Question

The mean balance of all checking accounts at a bank on December 31, 2005, was $900. A random sample of 53 checking accounts taken recently from this bank gave a mean balance of $841 with a standard deviation of $190. Using the 1% significance level, can you conclude that the mean balance of such accounts has decreased during this period

Answer 1

Explanation:

Given that:

The population mean μ = 900

The sample size n = 53

The sample mean = 841

The standard deviation = 190

The level of significance = 0.01

To test the claim that the mean balance of the accounts has decreased during the period.
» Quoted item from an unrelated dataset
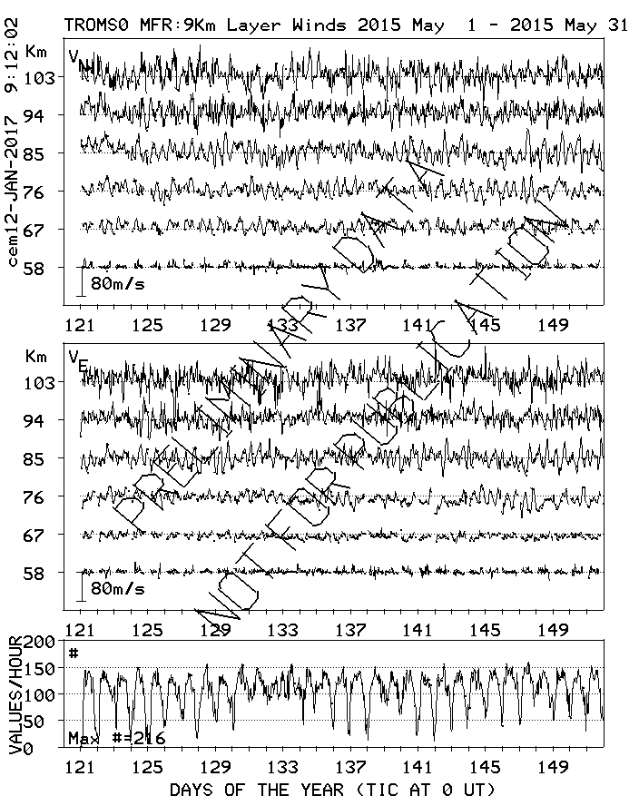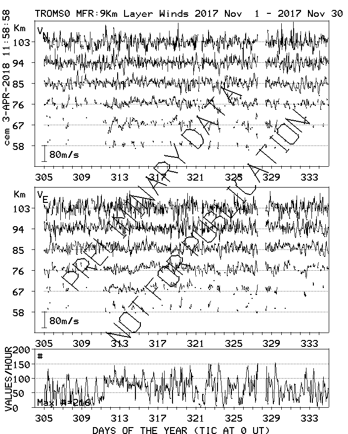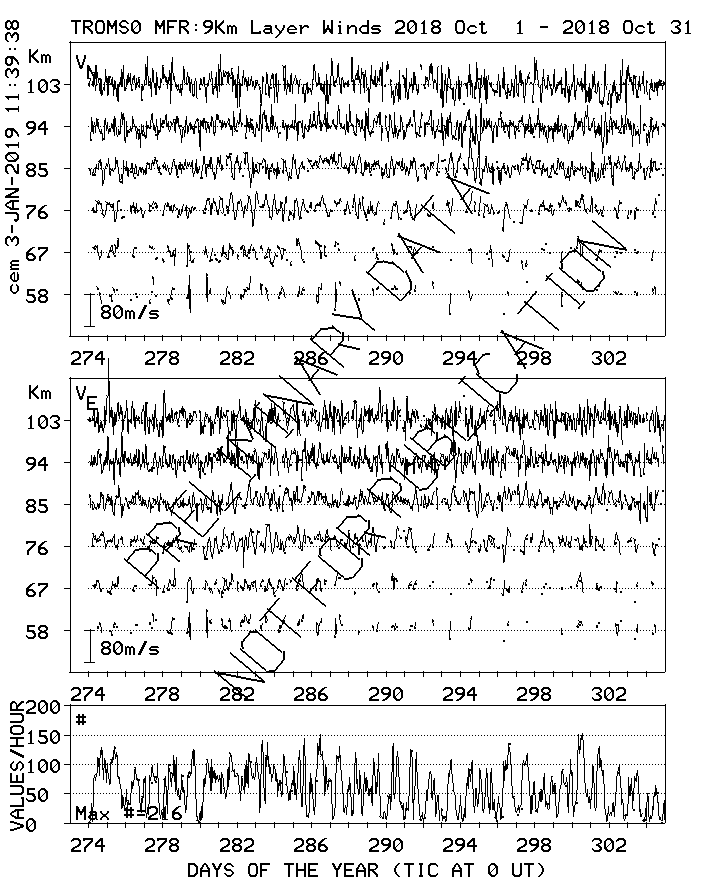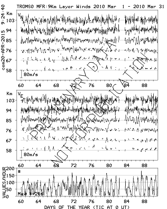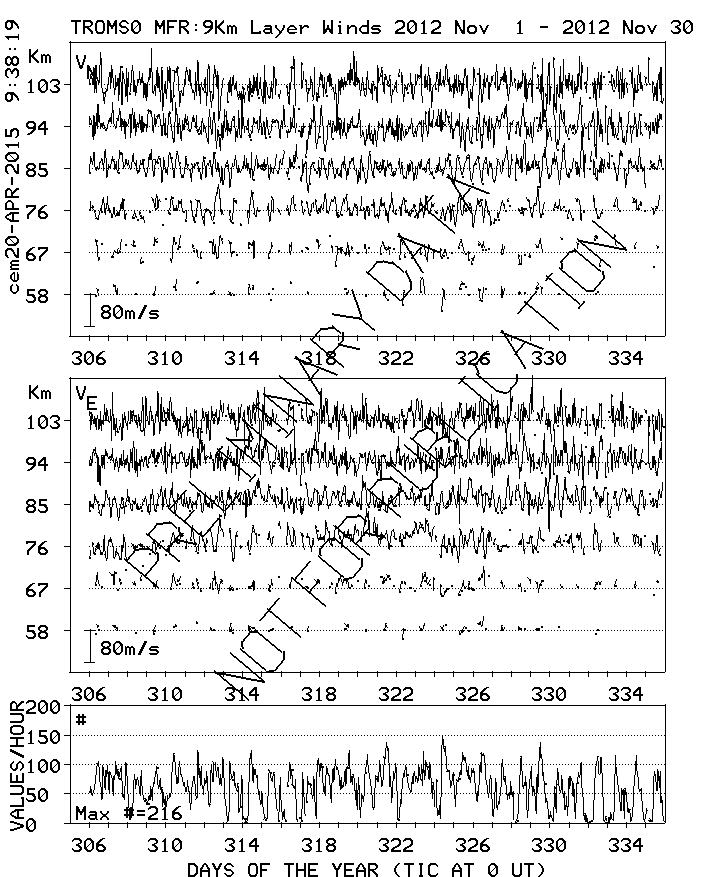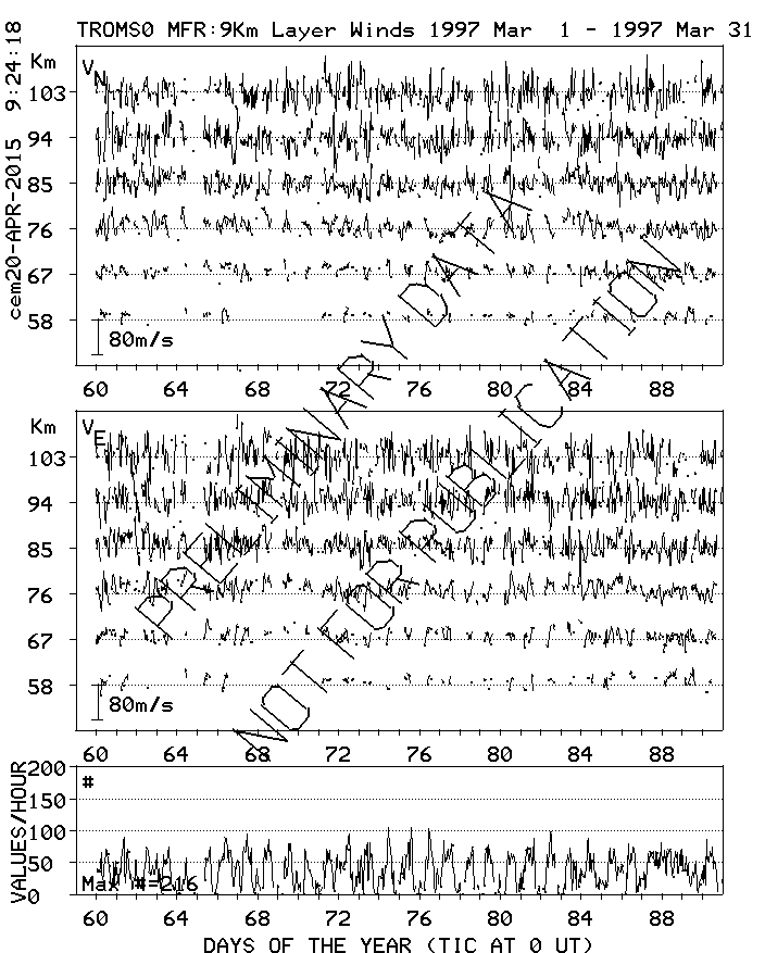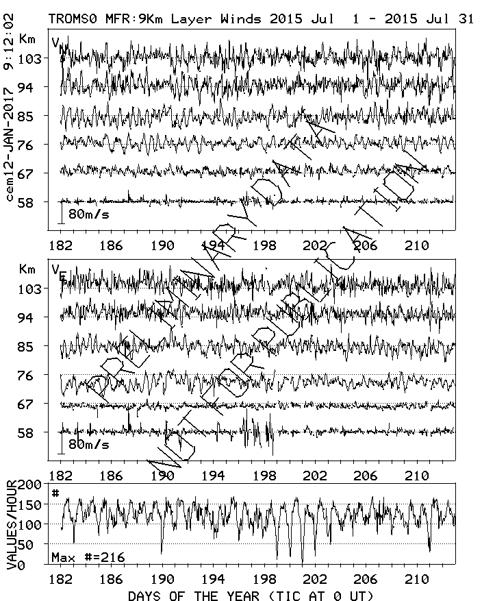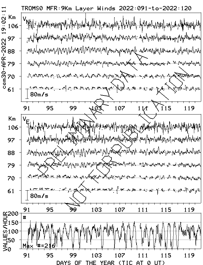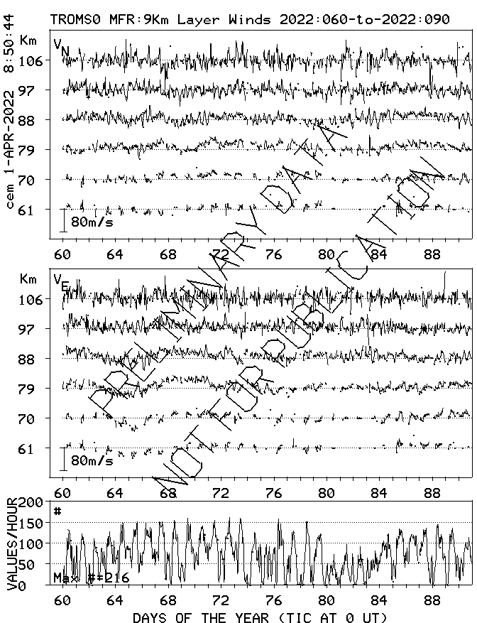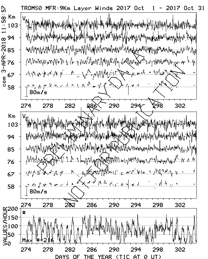 Tromsø (70N,19E) MF Radar Winds, monthly quick look plots

The null and the alternative hypothesis can be computed as:

`H_o : \mu \ge 900 \\ \\ H_1 : \mu < 900`

This is a left-tailed test since the alternative is less than 900

The test statistics can be computed as:

`Z = (\overline x - \mu)/((s)/(√(n)) )`

`Z = (841 -900)/((190)/(√(53)) )`

`Z = (-59)/((190)/(7.28))`

Z = -2.26

The p-value = P(Z < -2.26)

From the z-tables

The p-value = 0.01191

The p-value ≅ 0.012

Decision rule: To reject the null hypothesis if the significance level is > p-value.

We failed to reject the null hypothesis.

Conclusion: Thus, there is insufficient evidence to conclude that such accounts mean balance has decreased during this period.